= What to produce =
Please take the records that follow and repeat exactly the lines starting with the line with "Durante su intervención, el" and going on through the line with "Traditional log cabins".

= Source material =
■ ■ ■
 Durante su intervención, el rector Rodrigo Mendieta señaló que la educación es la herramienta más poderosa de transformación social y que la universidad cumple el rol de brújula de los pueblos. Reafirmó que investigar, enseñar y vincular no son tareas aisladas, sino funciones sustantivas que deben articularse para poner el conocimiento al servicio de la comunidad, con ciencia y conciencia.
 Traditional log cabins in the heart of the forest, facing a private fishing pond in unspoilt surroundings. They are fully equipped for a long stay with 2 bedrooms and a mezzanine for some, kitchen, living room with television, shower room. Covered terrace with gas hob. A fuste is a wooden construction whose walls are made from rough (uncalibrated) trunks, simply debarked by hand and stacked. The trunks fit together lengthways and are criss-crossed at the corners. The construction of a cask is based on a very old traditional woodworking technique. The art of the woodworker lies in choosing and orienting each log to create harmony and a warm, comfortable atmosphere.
■ ■ ■
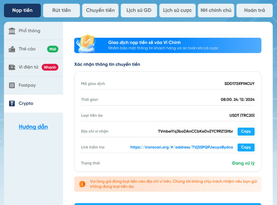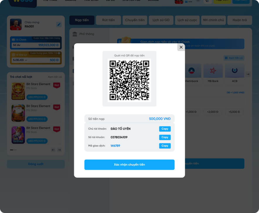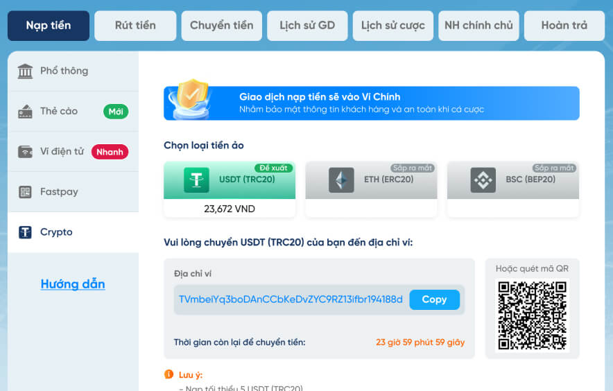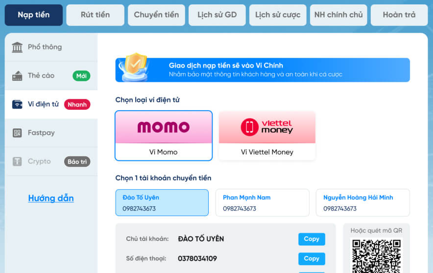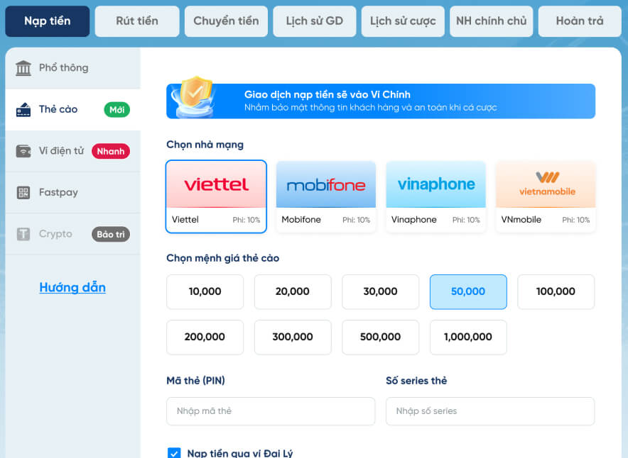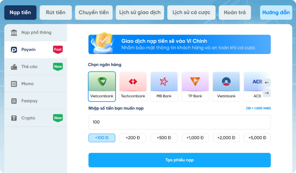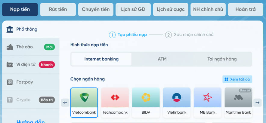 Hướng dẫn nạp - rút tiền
■ ■ ■
= Task response =
 Durante su intervención, el rector Rodrigo Mendieta señaló que la educación es la herramienta más poderosa de transformación social y que la universidad cumple el rol de brújula de los pueblos. Reafirmó que investigar, enseñar y vincular no son tareas aisladas, sino funciones sustantivas que deben articularse para poner el conocimiento al servicio de la comunidad, con ciencia y conciencia.
 Traditional log cabins in the heart of the forest, facing a private fishing pond in unspoilt surroundings. They are fully equipped for a long stay with 2 bedrooms and a mezzanine for some, kitchen, living room with television, shower room. Covered terrace with gas hob. A fuste is a wooden construction whose walls are made from rough (uncalibrated) trunks, simply debarked by hand and stacked. The trunks fit together lengthways and are criss-crossed at the corners. The construction of a cask is based on a very old traditional woodworking technique. The art of the woodworker lies in choosing and orienting each log to create harmony and a warm, comfortable atmosphere.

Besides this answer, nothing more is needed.